The Malaysian capital is becoming a centre for anti-City sentiment as deep as any corner of Old Trafford. The week in Kuala Lumpur began with Arsène Wenger launching an attack on what he called City's "financial doping". It ended with Ayre wondering how an airline and a club, both owned by members of the Abu Dhabi royal family, could not be a "related party", which, under financial fair play would prevent them doing business with each other.

Under Uefa's regulations, teams that incur aggregate losses of more than €45m (£39.5m) over three years face exclusion from European competition in 2014. Manchester City's annual losses last year ran to almost three times that. The "related party" clause of the agreement means that clubs like Manchester City and Chelsea, who are dependent on their benefactors, cannot get round the regulations by sponsoring themselves to wipe out the losses.

Etihad Airways, like Manchester City, are owned by the same Bin Zayed family who rule the emirate. "Is Etihad, Manchester City and Sheikh Mansour a related party?"asked Ayre. "If they are, then it's up to Uefa to rule on them. When I spoke at Soccerex earlier this year, I was on a panel about financial fair play. The guys from Uefa who are managing it said there would be a robust and proper process about related-party transactions."
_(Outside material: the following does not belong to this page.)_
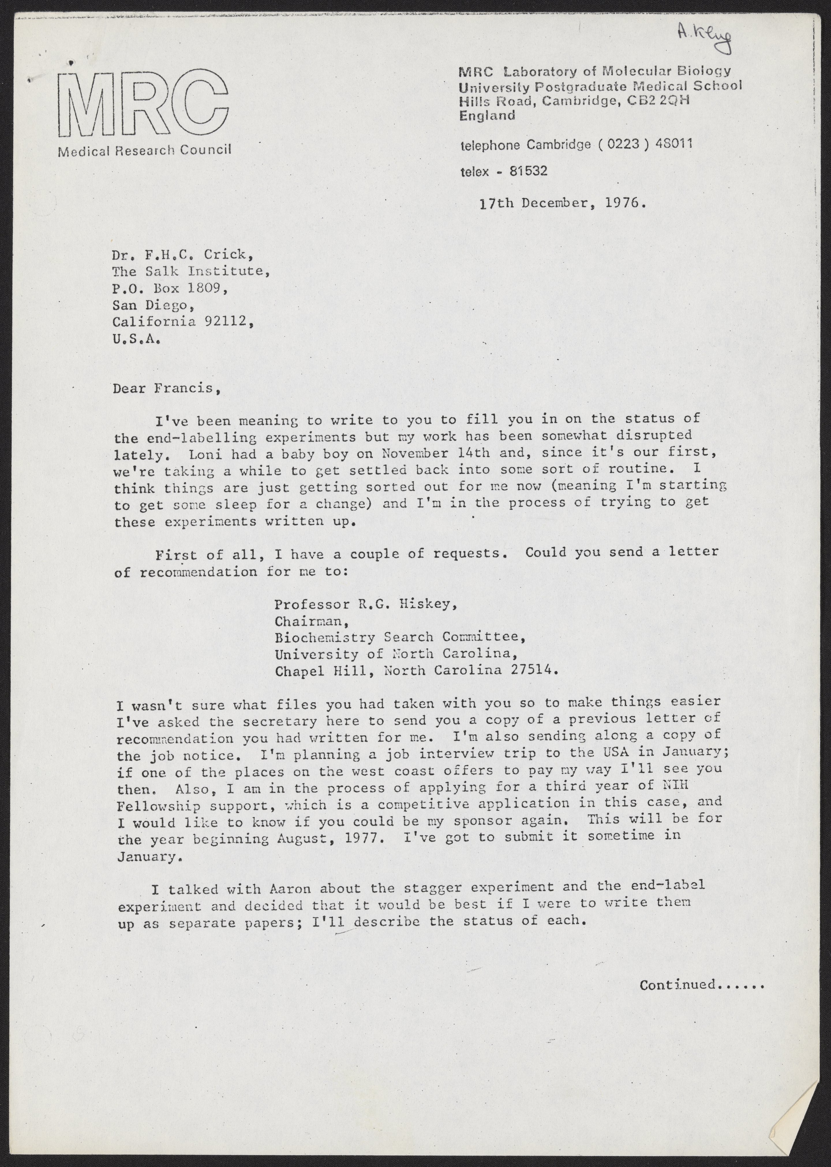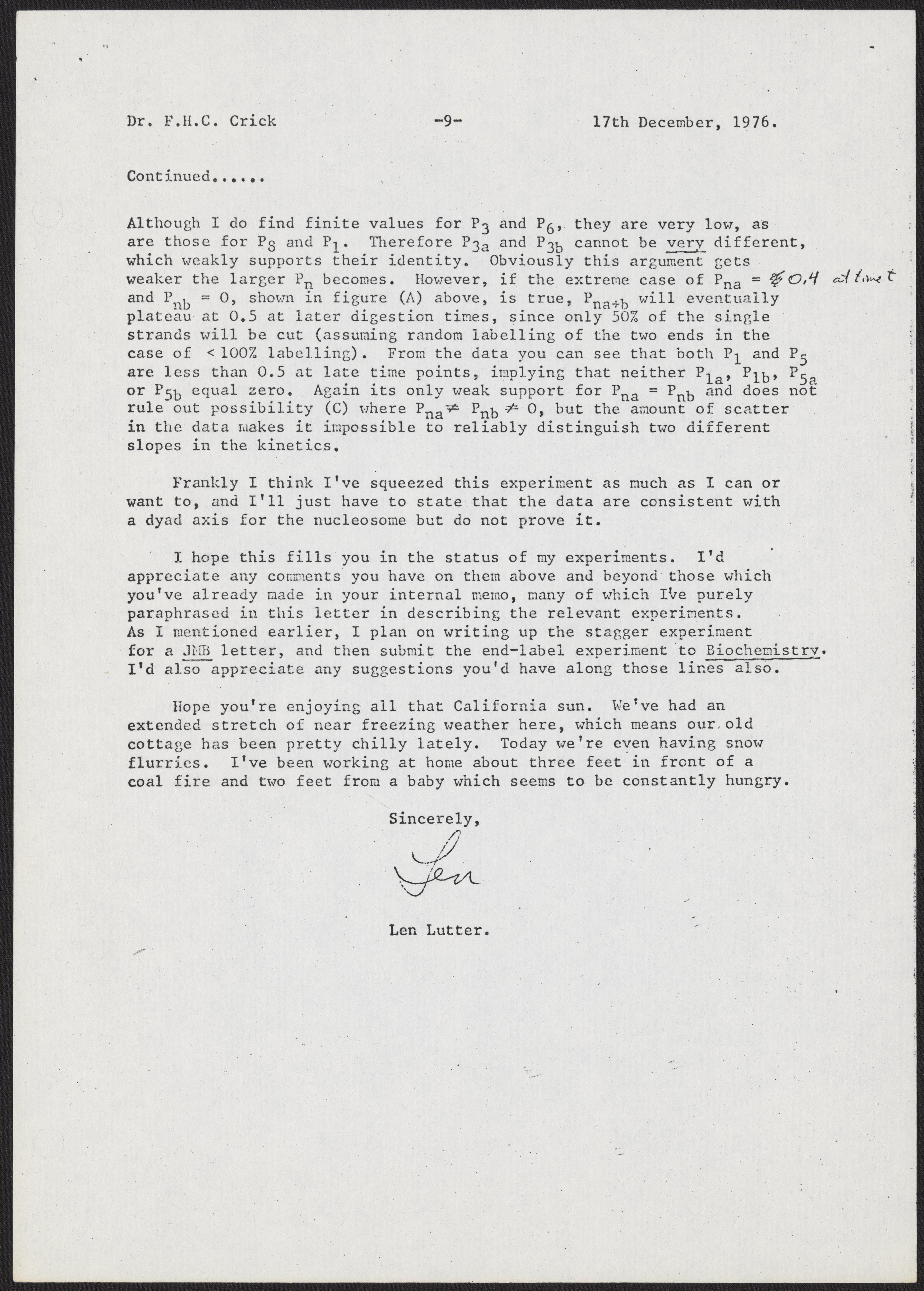 Lutter, Leonard. “Letter from Leonard Lutter to Francis Crick, December 17, 1976,” December 17, 1976. History of Molecular Biology Collection, Box 19, Folder 26. Science History Institute. Philadelphia. https://digital.sciencehistory.org/works/3b0gvr0.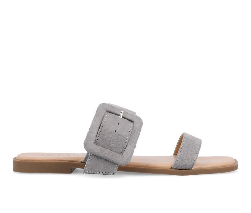 Women's Journee Collection Kerris Sandals The Kerris slip-on sandal from Journee Collection will have you go from boring to adoring. Their supple vegan leather, multi-strap design, slide style, and open square toe will give you the style to walk around town, attracting a few compliments wherever you go. To keep things easy, a 4 mm Tru Comfort Foam™ insole and slip-on closure will keep your feet comfortable with every step.

Ayre also doubted whether the 10-year agreement would pass Uefa's test of "fair value". Even though the deal includes redevelopment around the stadium, Ayre wondered how Etihad, which has never made a profit, could derive this much commercial value from naming a ground that even when it was officially known as the City of Manchester Stadium was generally called Eastlands.

"It hasn't happened anywhere in Europe where a football club has renamed its existing stadium and it's had real value," he said. "It was called the City of Manchester Stadium or Eastlands for the last nine years and now it's going to be called something else – and someone has attached a huge amount of value to that. I find that odd because there is no benchmark in football that says you can rename your stadium and generate that amount of value."